Mitarbeiter: D Breitmeier, D Günther, G Schroeder
Der iatrogene Todesfall und seine strafrechtlichen Folgen
Seitens der Rechtsmedizin werden zunehmend Obduktionen auf Grund des Verdachtes einer todesursächlichen
ärztlichen Fehlbehandlung durchgeführt. Häufig sind für die kritische Würdigung dieser Fälle zusätzliche
Begutachtungen von Sachverständigen anderer medizinischer Fachrichtungen erforderlich. Es ist daher von
großem Interesse, wie die ermittelnde Staatsanwaltschaft diese Fälle juristisch eingeordnet bzw. abgeschlossen
hat und welche strafrechtlichen Konsequenzen hieraus erfolgten. Die entsprechenden Ermittlungsverfahren der
Jahre 1990 bis 1995 werden durch Einsicht in die staatsanwaltschaftlichen Akten ausgewertet.
Mitarbeiter: D Günther, WJ Kleemann, C Schoor
Untersuchung zu klinisch und rechtsmedizinisch relevanten Auswirkungen nach perkutaner
Äthanol-Injektionstherapie (PEI) beim hepatozellulärem Carcinom (HCC)
Die perkutane Äthanol-Injektionstherapie (PEI) stellt für Patienten mit hepatozellulärem Carcinom bei
fortgeschrittenem Tumorleiden derzeit die einzige Therapieoption dar. In diesem Zusammenhang erscheint die
Erarbeitung eines adäquaten Überwachungssystems begleitend zur Äthanoltherapie dringend erforderlich. Es
sollen Grundlagen zur Eleminationskinetik des Alkohols bei direkter Instillation in die Leber in Bezug auf die
Resorption, Distribution und Elemination bei unterschiedlichen Gaben von Alkohol erarbeitet werden. Welche
Blutalkoholkonzentrationen können überhaupt bei der Behandlung von hepatozellulären Carcinomen durch
nahezu reinen Alkohol, bei Instillation welcher Mengen direkt in die Leber, aufgebaut werden.

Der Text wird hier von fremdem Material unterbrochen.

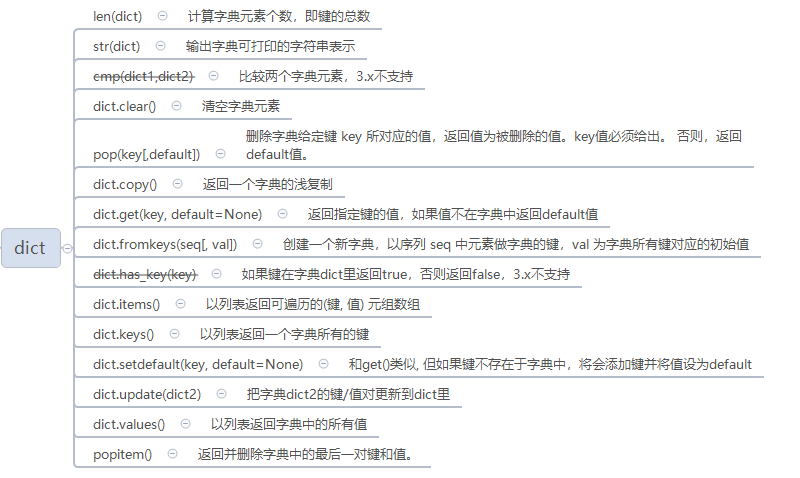- 字典值可以没有限制地取任何python对象,既可以是标准的对象,也可以是用户定义的,但键不行。

Mitarbeiter: D Breitmeier, M Gebel (Abt. Gastroenterologie/Hepatologie), B Panning (Abt. Anästhesiologie)
Vergleichende
Untersuchungen
zum
massenspektrometrischen
Nachweis
von
Betäubungsmittelwirkstoffen im Blut unter Anwendung der Quadrupol- bzw. Ion-Trap- GC/MSTechnik
Das unterschiedliche analytische Potential der beiden genannten MS -Techniken – höchste Empfindlichkeit bei
eingeschränkter Spezifität im SIM (Single-Ion-Monitoring)-Modus an herkömmlicher Quadrupol-Technik sowie
hohe Spezifität bei möglicher Einschränkung der Empfindlichkeit und Präzision an der Ion-Trap im MS/MS-Modus
– soll in vergleichenden Untersuchungen herausgearbeitet und überprüft werden.